USADA Science Director
Mathew Fedoruk, PhD, told MNT:
"USADA, working
together with our anti-doping colleagues such as the Partnership for Clean
Competition, are proactively conducting research to develop new detection
methodology, and keep our pulse on
any new products or medical techniques, including gene doping, which could be
abused in sport.
The inappropriate use
of stem cell technology
or gene silencing therapeutics which could allow athletes to compete in
supraphysiological states, are two specific examples of gene doping which may
have the greatest potential to become a reality in the future."
In the words of E. Brzezianska and coauthors regarding their
research into the risks of gene doping in sports: "Gene doping makes it
possible to create a 'super athlete,' but at the cost of breaking the rules of
sporting ethics and undermining the principles of fair play in sports. It is
also associated with a high risk of danger to the health of athletes."
How is doping detected?
Blood and urine tests do not reveal all types of doping in sports.
Detecting
drugs in athletes is challenging on many fronts.
Tests
are mostly carried out on blood and/or urine samples, collected under strict
protocols, but the tests may not pick up all substances.
The wide variety of drugs and drug classes used, their different
properties, sites of administration and mechanism of action makes it difficult
to test for everything.
Some
substances are not detectable. Byproducts may be so small that they do not
produce a strong enough signal for detection. The use of patches or
microdosing, for example, may reduce the detectable amount of a substance.
Blood
testing is capable of detecting EPO and synthetic oxygen carriers, but it
cannot tell whether a blood transfusion has taken place.
Timing
of drug use can also help avoid detection. Previously, testing was only between
6 am and 11 pm, leaving a window of opportunity for microdosing.
In
the past, different sporting organizations have carried out their own doping
tests. New plans to defeat doping will include a new, independent body - not
just to regulate, but to carry out all tests.
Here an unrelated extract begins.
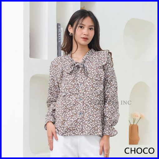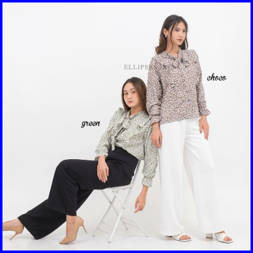 Ellipsesinc Blouse Kantor Atasan Casual Wanita Atasan Korea Atasan Bunga Wanita Elise Floral Top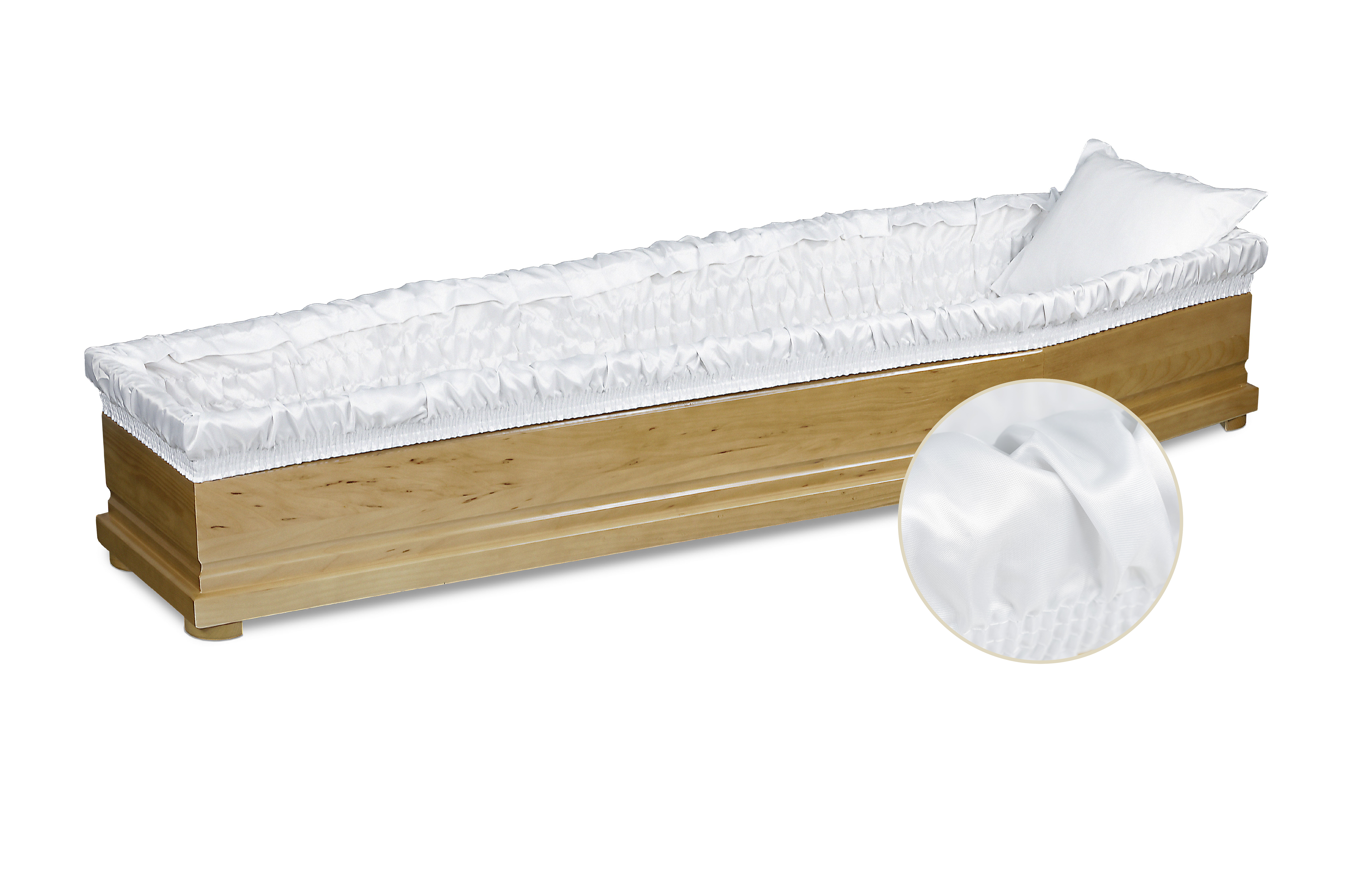 Auspolsterung mit Volant und Kissen aus Kunstseide, weiss

The Athlete Biological Passport
The
Athlete Biological Passport (ABP) is an electronic document that was introduced
by WADA in 2009 to help detect transfusions.
Instead of focusing on the banned substance or method itself, it
allows monitoring of selected biological variables over time.
The Passport records markers at intervals of an athlete's
career. Any dramatic changes or expected patterns may indicate doping, at which
point the athlete would undergo specific tested, possibly leading to an
investigation.
The IAAF have declared a
"zero tolerance" approach to doping. WADA have approved stricter
punishments from January 2016, doubling bans for athletes found guilty of
doping from 2-4 years, and they are urging governments to criminalize doping.
Countries whose athletes regularly dope may receive a blanket ban, as in the
case of Russia.
But as technology advances apace, introducing ever more
inventive ways of cheating and avoiding harder, will competitive sports even be
feasible?
Cheating brings false glory; is it worth the shame?